The Misfortunes of Lolita ❤


"Holding Lolita was like holding a cloud in your arms, because she was soft and cold and unreachable.
She was so unreachable, but here he was, holding her."
-The Misfortunes of Lolita 

Not my photo.

I must admit that I have an account on Wattpad, however, I am a bit picky on what I read. If I see a story that seems interesting to me, I add it to my library and then, eventually, I'll figure out if I want to read it or not.

I am one of those annoying people that needs the writing to be good.
As in, a believable and realistic plot, no misspellings, correct (or mostly correct) grammar, and flow.

About two or three weeks ago, I stumbled across a story, "The Misfortunes of Lolita" and I read the description of the story.
I was so excited, I added it to my library and I wanted to start reading it immediately but the story was not completed yet. I didn't really feel like reading and reading and reading, reaching the last update and then having to wait for the next.
So this last Friday, I felt like reading, so I went on Wattpad and scrolled through my library, and saw that "The Misfortunes of Lolita" had been completed and you better believe that I wasted absolutely  no time in opening it up and reading it.

I was in love.
Completely and utterly in love.

This story is realistic, believable, inspiring, it is beautiful.
The grammar is impeccable, there are no holes in the plot, everything flows and connects and makes sense.

There are shocking moments, moments that you thought you saw coming but ended completely differently than you thought they would.
There is love, and laughter, tears and sadness.
Everything.

I cannot even completely bring myself to explain this book, the love I have for it.
It is one of the few Wattpad stories that I am SO happy to have found.
Lucky to have read.
I will remember this story for as long as I can, it is in my heart.
That may sound cheesy, but it is true.

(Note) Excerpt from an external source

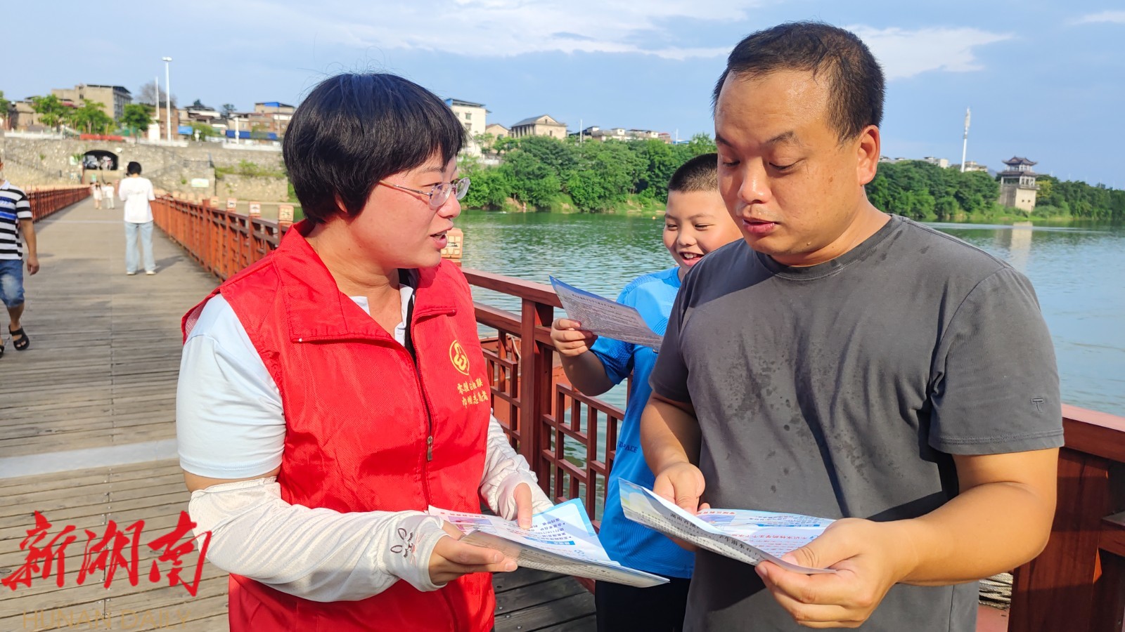 活动中,妇联工作人员与志愿者分组驻守在潇水河等重点水域周边的码头及沿岸步道等人员密集区域。向过往的居民、尤其是带孩子的家长发放《防溺水安全须知》《家庭监护责任提示》等宣传资料,用接地气的方言详细讲解夏季溺水高发的原因及“七不准”安全准则。针对青少年群体,志愿者还结合近期典型案例,强调不私自下水、不盲目结伴游泳的重要性,提醒孩子们遇到同伴溺水时,要大声呼救并寻求成人帮助,切勿擅自下水施救。

I love books and stories, and when I find one as beautiful as this one, there is no way that I will easily forget it.
It touched my ability to love, my soul, my emotions.
I felt happy when I read a chapter.
I felt sad when I read another.
I was nervous when things grew dark for these characters I grew to love.
And I felt proud when they did something they feared.

If this story does not come off my screen, onto paper, and into my hands as a published work, I will be extremely disappointed.

My love is so great for this story, I might just read it again.